Work to complete:
With all images left out, restate the records below exactly as written.

------ Records to process

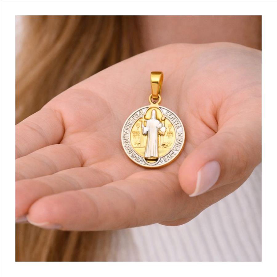14K Two Tone Gold San Benito Medal Pendant
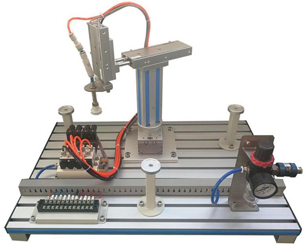 模型由回轉(zhuǎn)氣缸、雙軸氣缸、單軸氣缸、吸盤、真空發(fā)生器、電磁閥、節(jié)流閥、手滑閥、減壓閥、磁性開關(guān)、機械部件、工業(yè)鋁合金型材底板等組成,設(shè)有兩個抓取工位,可進(jìn)行工件取放控制練習(xí)。可開展對氣動機械手的操作及編程控制訓(xùn)練。配有空氣壓縮機:靜音無油,工作電源AC220V±10% 50Hz,輸入功率0.68kW;公稱容積24L,理論流量:116L/min,額定輸出氣壓0.7MPa。
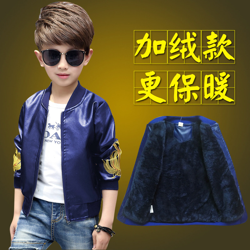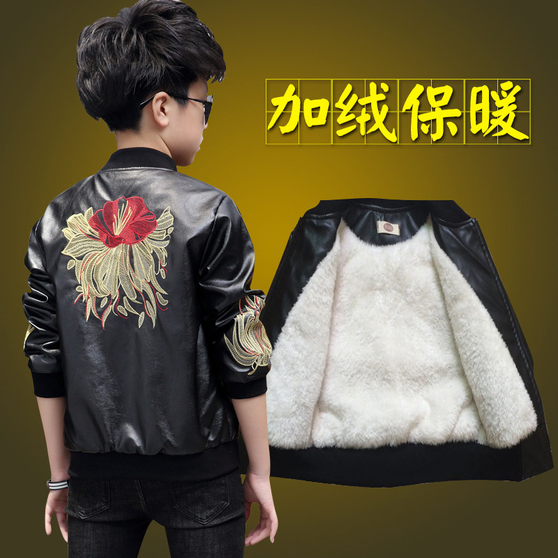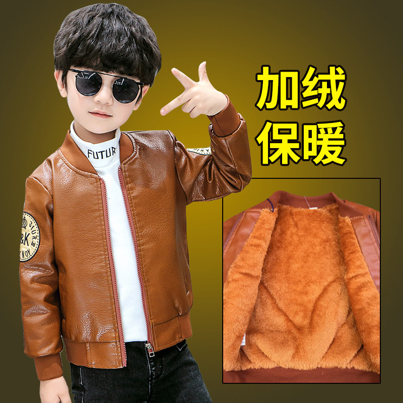 Boy autumn winter jacket plus suede thickened leather clothes 2020 new major child jacket handsome children pu Pio pai blouses
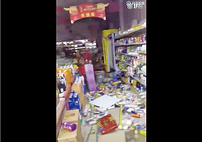 報導中的視頻顯示,一個店鋪的天花板掉下來了,現場有人說:「太恐怖了。」
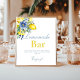 Panneau citron bleu Floral Citrus Lemonade Bar ! Ce panneau magnifiquement conçu présente des citrons jaunes vibrants, des fleurs bleues douces et un script élégant, parfait pour des douches nuptiales, des baby showers, des brunchs ou des fêtes d'été.
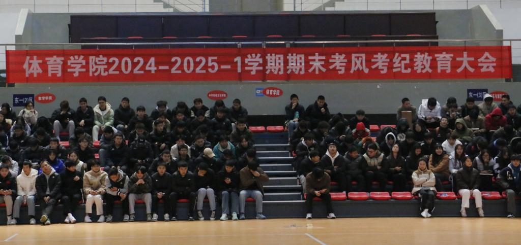 靳浪指出,考试是对学生学习成果的检验,诚信考试是对良好道德品质的坚守。他要求,同学们要杜绝任何形式的作弊行为,以真实的水平和端正的态度迎接期末考试,不舞弊是每一位同学维护公平的最基本也最可行的方式。他详细阐述了学校对考试违规行为的认定及处理办法,结合考试违纪学生处分案例,深入剖析了考试作弊对个人学业和未来发展的严重危害,警示学生们要严格遵守考试纪律,以诚信之姿展现体育学子的精神风貌。他强调,学院将严格按照学校相关制度执行,对违反考纪的行为绝不姑息,坚决维护考试的公平公正,树立良好的考风学风。

------------

Output for this task:
14K Two Tone Gold San Benito Medal Pendant
 模型由回轉(zhuǎn)氣缸、雙軸氣缸、單軸氣缸、吸盤、真空發(fā)生器、電磁閥、節(jié)流閥、手滑閥、減壓閥、磁性開關(guān)、機械部件、工業(yè)鋁合金型材底板等組成,設(shè)有兩個抓取工位,可進(jìn)行工件取放控制練習(xí)。可開展對氣動機械手的操作及編程控制訓(xùn)練。配有空氣壓縮機:靜音無油,工作電源AC220V±10% 50Hz,輸入功率0.68kW;公稱容積24L,理論流量:116L/min,額定輸出氣壓0.7MPa。
 Boy autumn winter jacket plus suede thickened leather clothes 2020 new major child jacket handsome children pu Pio pai blouses
 報導中的視頻顯示,一個店鋪的天花板掉下來了,現場有人說:「太恐怖了。」
 Panneau citron bleu Floral Citrus Lemonade Bar ! Ce panneau magnifiquement conçu présente des citrons jaunes vibrants, des fleurs bleues douces et un script élégant, parfait pour des douches nuptiales, des baby showers, des brunchs ou des fêtes d'été.
 靳浪指出,考试是对学生学习成果的检验,诚信考试是对良好道德品质的坚守。他要求,同学们要杜绝任何形式的作弊行为,以真实的水平和端正的态度迎接期末考试,不舞弊是每一位同学维护公平的最基本也最可行的方式。他详细阐述了学校对考试违规行为的认定及处理办法,结合考试违纪学生处分案例,深入剖析了考试作弊对个人学业和未来发展的严重危害,警示学生们要严格遵守考试纪律,以诚信之姿展现体育学子的精神风貌。他强调,学院将严格按照学校相关制度执行,对违反考纪的行为绝不姑息,坚决维护考试的公平公正,树立良好的考风学风。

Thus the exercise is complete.